Despite undoubtedly cutting car use in the zone (the only vehicles mayor Ken Livingstone ever likes to discuss), the latest Department for Transport figures have shown that average morning traffic speeds in London have now fallen to 9.3mph - well below the 9.9mph recorded before the congestion charge was launched in 2003.
That screams abject failure. But what's the reason for this strange anomoly?
The answer, Douglas McWilliams of the Centre for Economics and Business Research writes, is that lorries and, in particular, buses are now clogging London's roads.
He blames the fact that most transport experts use models that understate the congestion impact of large vehicles like buses in cities, like London, with narrow, congested streets.

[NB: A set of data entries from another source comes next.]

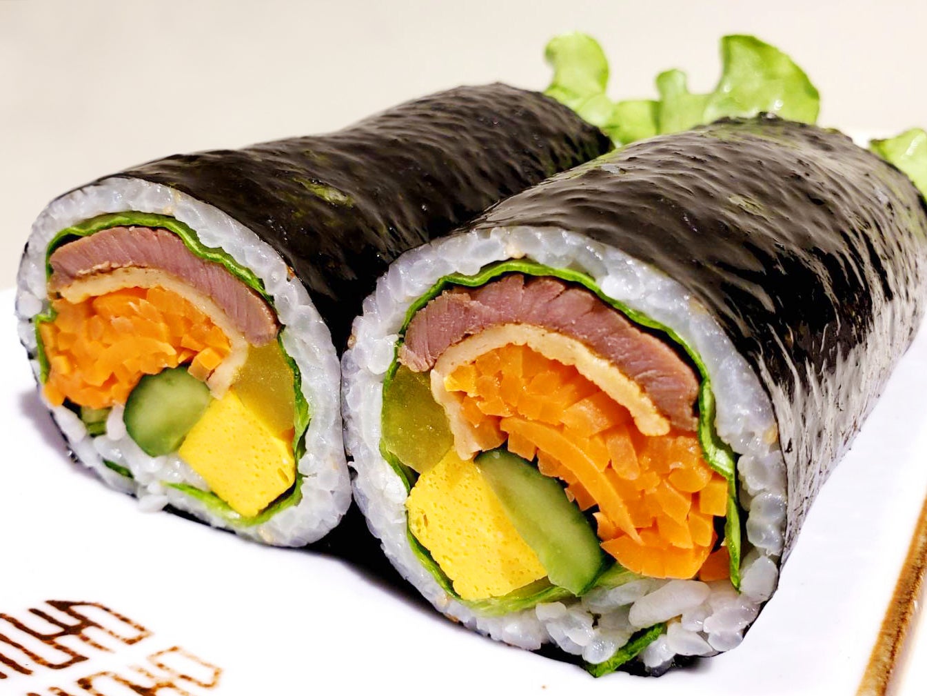 甘辛豚カルビを贅沢に巻き込んだ恵方巻。特製タレの風味と肉の旨みが食欲をそそります。
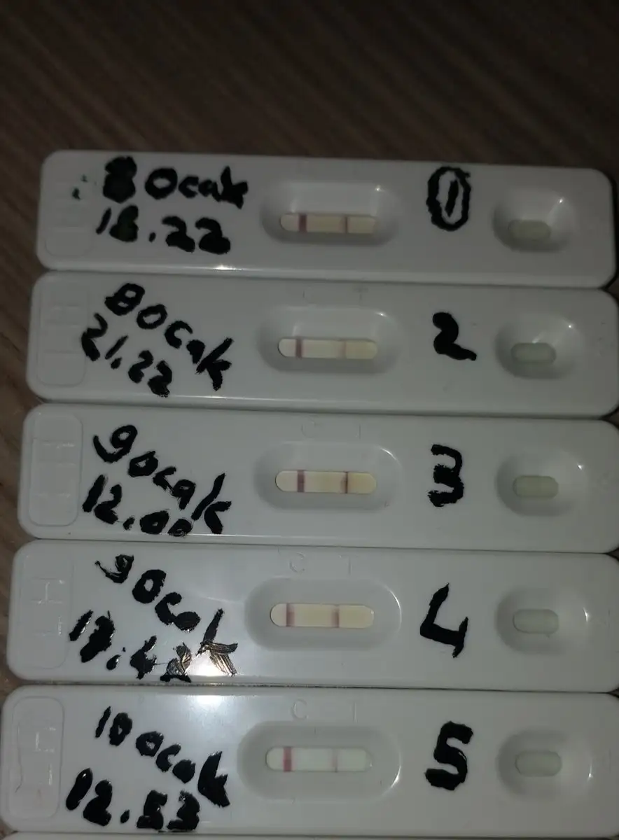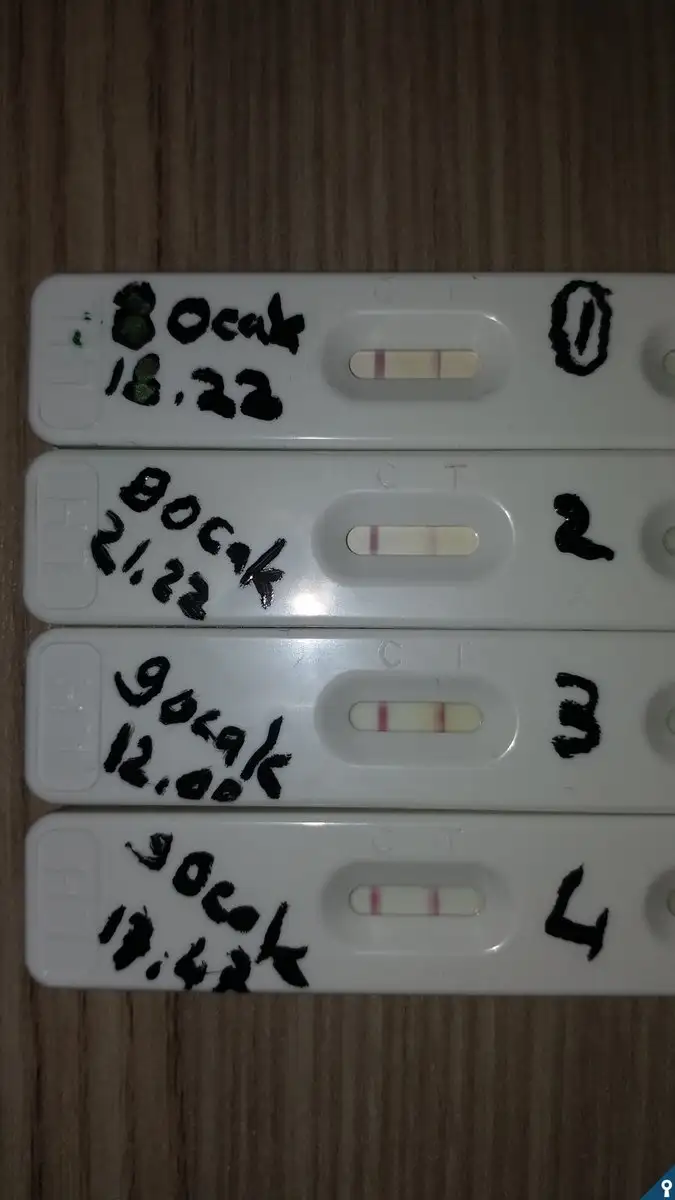 Kızlar bi bakabilir misiniz bana 9ocakta pozitif 10 ocakta çatladı dediler 11ocakta test yapmayı bırakmıştım14 ocakta tekrar yapmaya başladım silikti 15dede silik çıktı 16sında yapmadım bugun bata 6 kaldı tekrar bi yapayım dedim şüpheli geldi bana sanki koyulaşmaya başlamış gibi 11ocaktantan sonra incecik cıkıyodu çizgi bugun biraz daha kalın çıktı devam etmeli miyim sizce son anda bi yumurtlama daha gelebilir mi ki yada acaba hamilelik mi yumurtlamadan bi hafta sonra hamileysen bu çizgi koyulaşıyomuş diye okumuştum merak ettim doğrusu :oops::KK70:
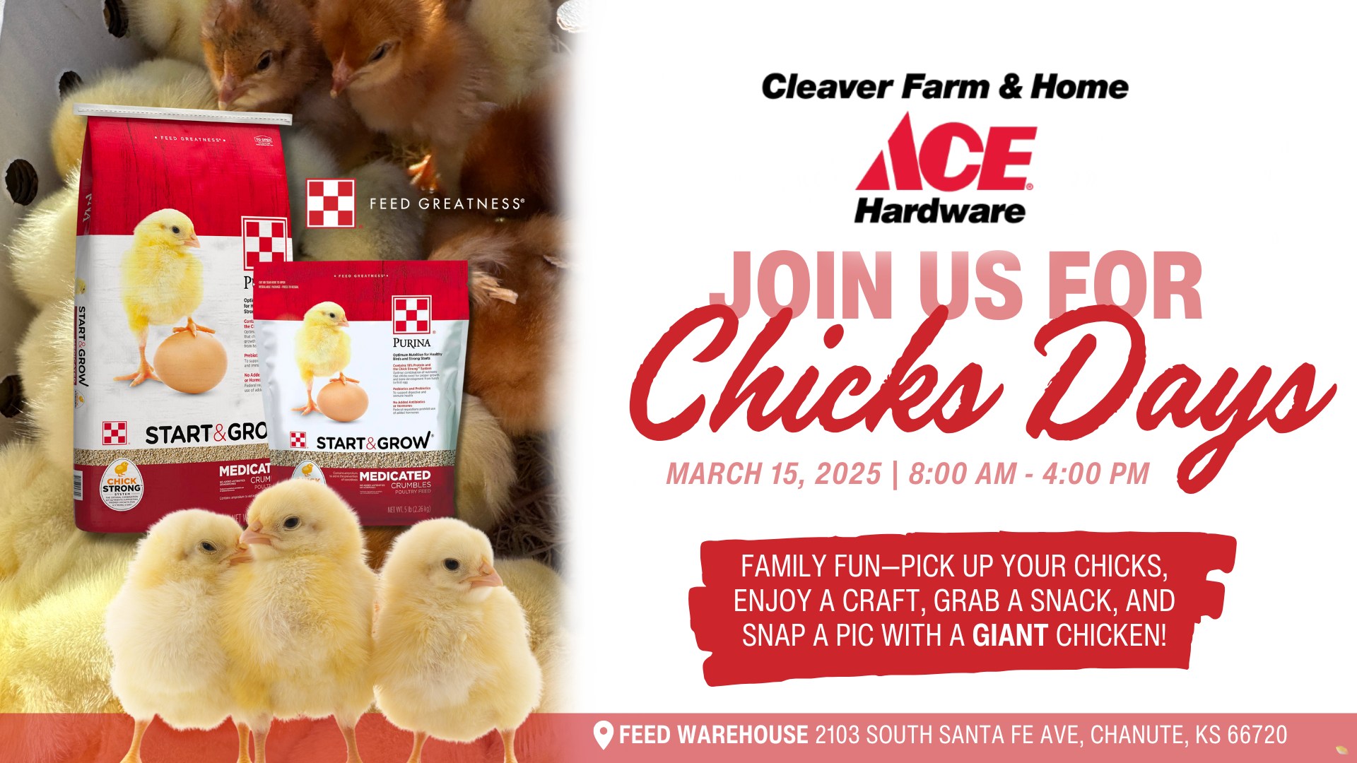 Cleaver Farm & Home ACE Chick Days – Family Fun – Pick up your chicks, Enjoy a craft, Grab a Snack. March 15, 2025
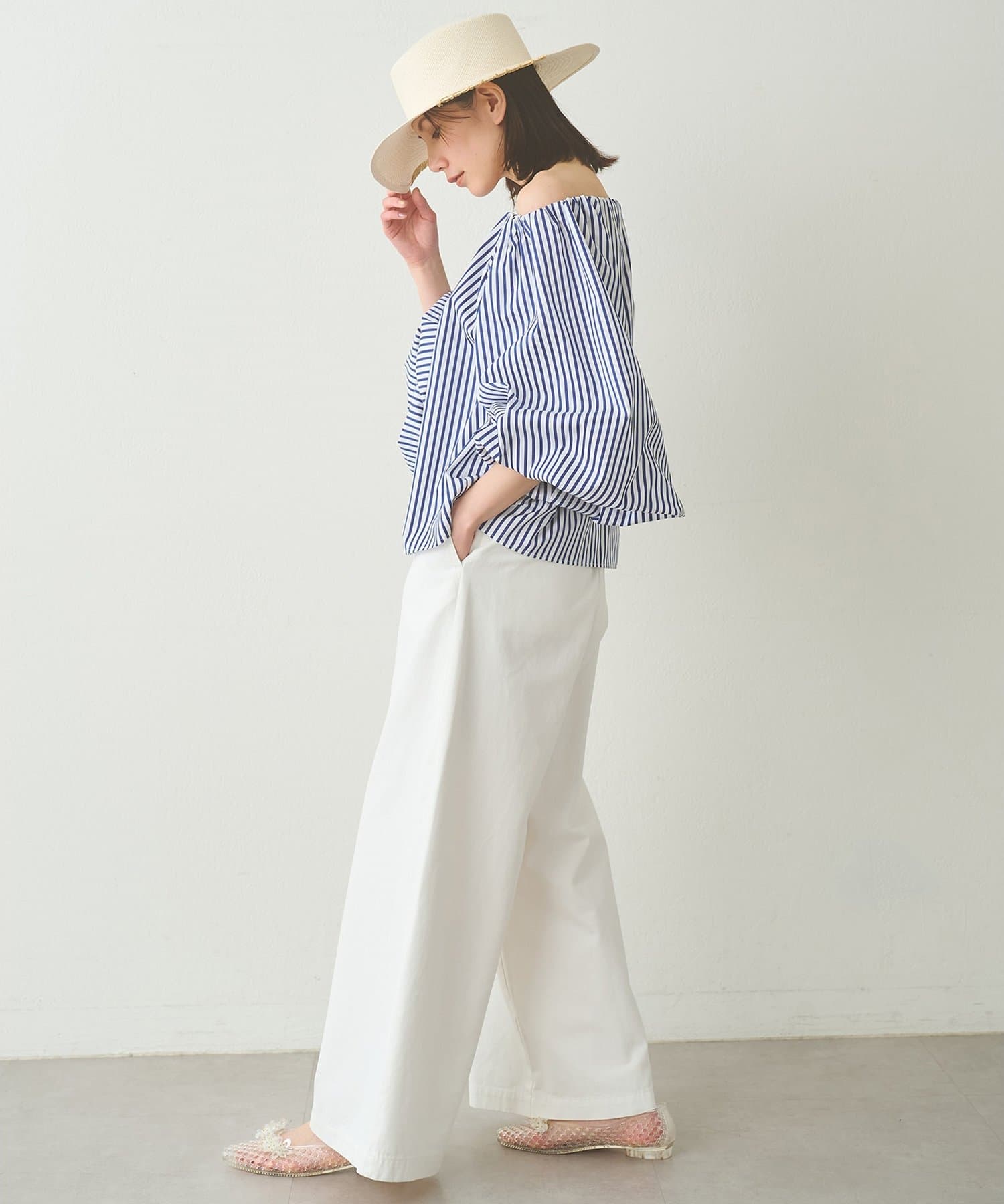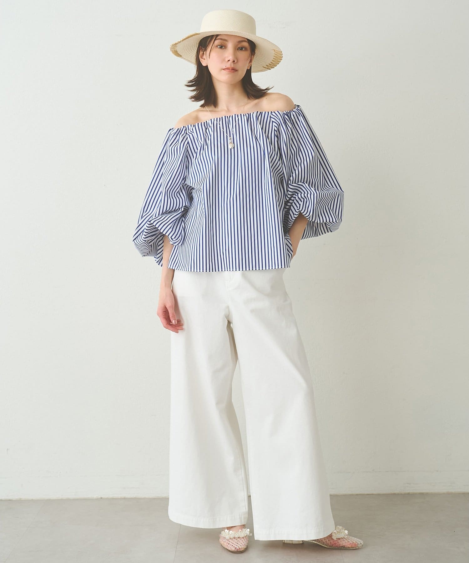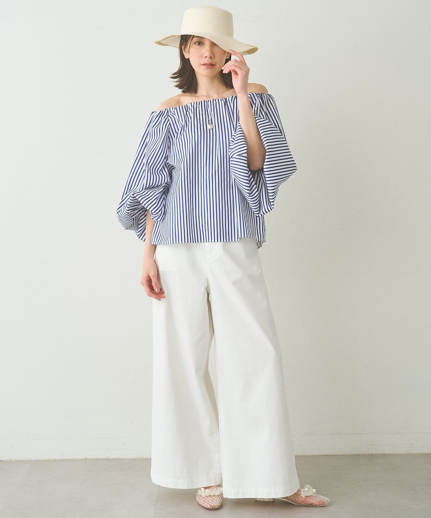 スタリングにニュアンスを与えてくれるオフショルブラウス
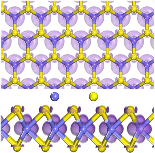 MoS2中导带底的俯视(上)和侧视(下)轨道组成。
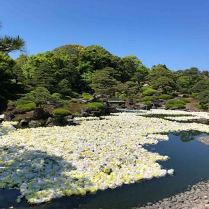 GW明けに島根県の大根島まで行ってきました。 これは由志園です。 ちょっとだけ赤系の花が池に浮かんでます。

So they miss the point that a charge that mainly targets cars will only do a limited amount to reduce congestion.
Buses clogging roads
Our roads, McWilliams suggests, are increasingly clogged up by more buses than there is either space or need for, with the infamous 'bendy' buses singled out for particular blame.
In Britain we have twice as many buses as in Germany, France or Italy. Apparently we have a fifth of all the buses in the EU!
And as we have said on this blog many times before, it's not as if buses are particularly environmentally attractive. For all the space they take up, they spend large parts of the time virtually empty. Over all services, from beginning to end of routes, the average number of passengers in a bus is just eight.
Since a bus does, on average, just 3.6 miles to the gallon, and since half of bus journeys would not be undertaken if the buses were not there, McWilliams has calculated that extra buses have about the same environmental effect as driving the passengers around in Bentleys.
This is Ken Livingstone's idea of traffic management.
Environment suffers
And what's his idea of helping the environment or public health? To fill London's streets with excess numbers of vehicles that, in the course of their operation, stand stationary for extended periods both blocking other traffic and spewing harmful diesel fumes in often densely populated areas.
TfL's excuse for the traffic slow-down is roadworks. But that conveniently ignores the fact that Livingstone prevented many roadworks schemes from happening just after the C-charge started, so as to give a misleading impression that charging had raised traffic speeds.
As McWilliams so rightly concludes: "Ken Livingstone's old-fashioned, anti-car policy has to be replaced with a more modern and flexible approach that allows for the fact that, for some people, cars are the only option. Without such a shift, we risk simply grinding to a halt."
If Livingstone is too stuck in his ways to do it, maybe we need a different mayor who will.